带有 Haskell 的事件驱动器 - 键入和管理对象状态的错误

Question

我正在尝试基于此示例在 Haskell 中使用事件架构（效果很好）： https://wiki.haskell.org/Real_World_Applications/Event_Driven_Applications

我尝试将此代码应用于更复杂的示例。这个想法是在 Haskell 中以最自然的方式改变一个对象（比如说域）：

data Domain =
  Domain (String, World)

... 对 World 执行几个命令并更改它（或在元组的第一个参数中得到消息）。

With World a "class" of type:
data World = World {loc :: String, descLlocs :: [(String,String)]}  deriving (Show)

但是当一个 EventLook 启动时，例如

dmUpdate :: Domain -> Event -> Domain
dmUpdate (Domain v) (EventLook) = do 
                                  let msg = fst v
                                  let newWorld = snd v
                                  -- Maybe IO Action !? Is possible !?
                                  return Domain (msg, newWorld)
dmUpdate dm _ = dm

我收到了这个错误（在我看来，“Domain (msg, newWorld)”的类型是：Domain，不！？（我也尝试返回 (msg, newWorld) 没有成功）。

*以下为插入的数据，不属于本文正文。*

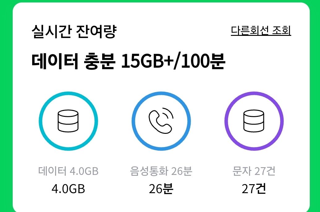 내가 좋아하는 라면은 너구리입니다.15GB플러스 100분은 님요금제 데이터 사용가는한것이 15GB라고하는것이구요.통화는 100분만 무료라는것입니다.무제한이 아니에요.4GB는 님이지금까지 사용한 데이터구요.26분은 지금까지 26분통화했다는것입니다

baseEventDomainProgram.hs:30:35: error:
    • Couldn't match type ‘(String, World) -> Domain’ with ‘Domain’
      Expected type: (String, World) -> Domain
        Actual type: (String, World) -> (String, World) -> Domain
    • The function ‘return’ is applied to two arguments,
      but its type ‘((String, World) -> Domain)
                    -> (String, World) -> (String, World) -> Domain’
      has only three
      In a stmt of a 'do' block: return Domain (msg, newWorld)
      In the expression:
        do let msg = fst v
           let newWorld = snd v
           return Domain (msg, newWorld)
   |
30 |                                   return Domain (msg, newWorld)

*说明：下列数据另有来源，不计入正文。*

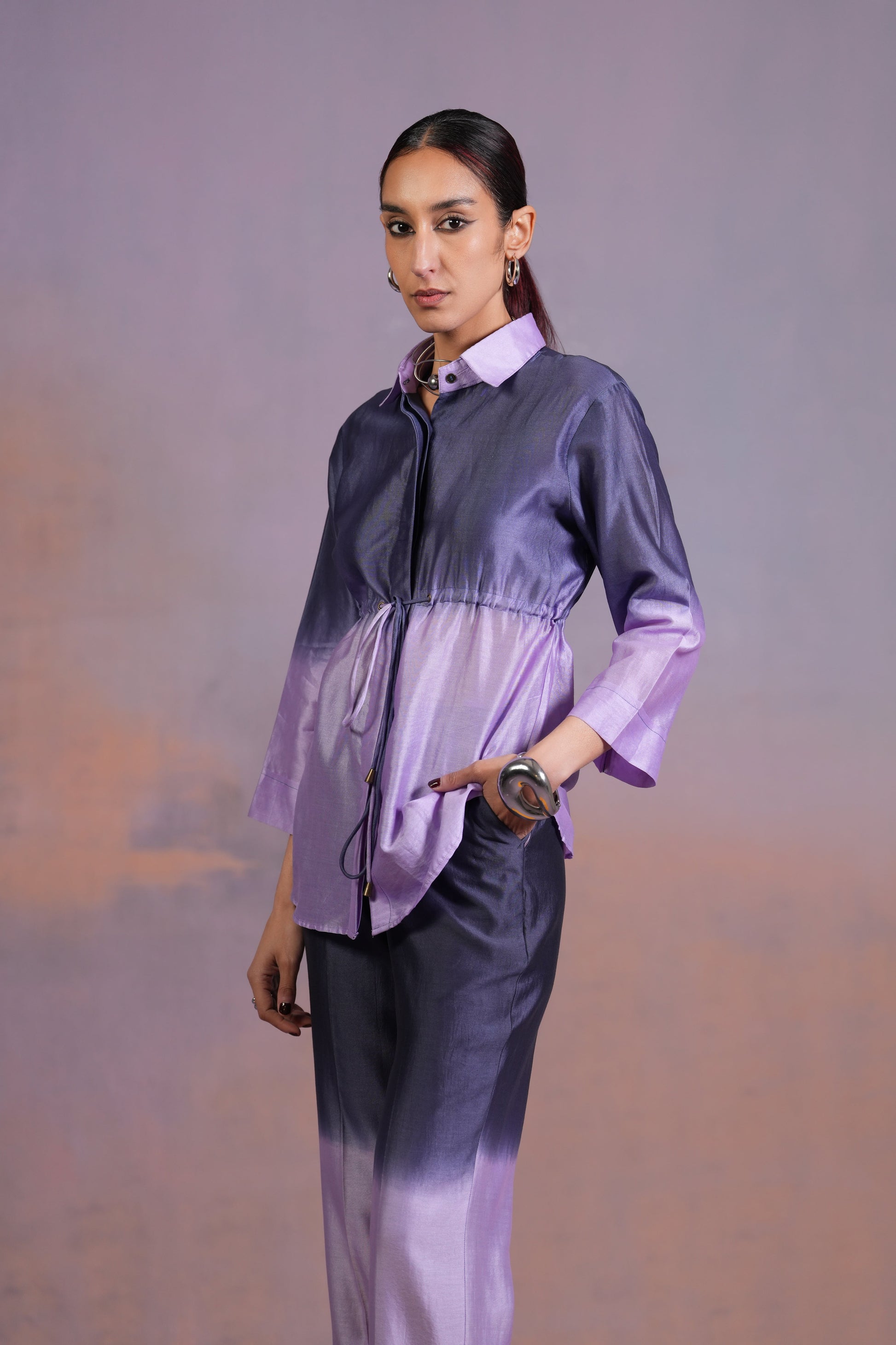 Collared easy fitting shirt with short sleeves hand-dyed.

因此，我的想法只是通过 newWorld 来计算新状态（更改对象的数据）。 我可以添加这个玩具示例。

import System.IO

data Event =
    EventExit            -- User wants to exit
  | EventLook   
  | EventAdd Int         
  deriving(Eq,Show)


data World = World {loc :: String, descLlocs :: [(String,String)]}  deriving (Show)

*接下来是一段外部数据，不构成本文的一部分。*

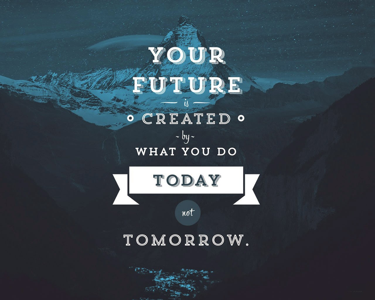 Description: A quote that reads your future created by what you do today and tomorrow tomorrow on a mountain range with a blue sky.

theWorld = World {loc = "living-room", descLlocs = [("living-room","you are in the living-room. a wizard is snoring loudly on the couch.")
           ,("garden","you are in a beautiful garden. there is a well in front of you.")
           , ("attic", "you are in the attic. there is a giant welding torch in the corner.")]}

data Domain =
  Domain (String, World)


dmUpdate :: Domain -> Event -> Domain
dmUpdate (Domain v) (EventLook) = do 
                                  let msg = fst v
                                  let newWorld = snd v
                                  -- Maybe IO Action !? 
                                  return (Domain (msg, newWorld)) 
dmUpdate dm _ = dm

uiUpdate :: Domain -> IO [Event]
uiUpdate (Domain v) = do
  putStrLn $ "WORLD> " ++ show (fst v)
  input <- read'
  if input == ":quit" then
    return [EventExit]
  else
    return [EventLook]

run :: Domain -> [Event] -> IO ()
run dm [] = do
  events <- uiUpdate dm
  run dm events

run _ (EventExit:_) =
  return ()

run dm (e:es) =
  run (dmUpdate dm e) es


read' :: IO String
read' = putStr "WORLD> "
     >> hFlush stdout
     >> getLine


main :: IO ()
main = run (Domain ("",theWorld)) []

提前致谢！

编辑： 正如@jpmarinier 所指出的，代码应该只返回一个参数，所以：“return (Domain (msg,newWorld))”应该更好。所以我编辑了与这个正确句子共享的代码。

但在这种情况下，我遇到了两个错误：

baseEventDomainProgram.hs:31:17: error:
    • Couldn't match expected type ‘m Domain’ with actual type ‘Domain’
    • In the expression: dm
      In an equation for ‘dmUpdate’: dmUpdate dm _ = dm
    • Relevant bindings include
        dmUpdate :: Domain -> Event -> m Domain
          (bound at baseEventDomainProgram.hs:26:1)
   |
31 | dmUpdate dm _ = dm
   |                 ^^

baseEventDomainProgram.hs:51:8: error:
    • Couldn't match expected type ‘Domain’
                  with actual type ‘m0 Domain’
    • In the first argument of ‘run’, namely ‘(dmUpdate dm e)’
      In the expression: run (dmUpdate dm e) es
      In an equation for ‘run’: run dm (e : es) = run (dmUpdate dm e) es
   |
51 |   run (dmUpdate dm e) es
   |        ^^^^^^^^^^^^^

Answer 1

事实上，你差不多完成了。

要使函数体dmUpdate 与其类型一致，需要稍作改动：

import System.IO

data Event =
    EventExit            -- User wants to exit
  | EventLook   
  | EventAdd Int         
  deriving(Eq,Show)


data World = World {loc :: String, descLlocs :: [(String,String)]}  deriving (Show)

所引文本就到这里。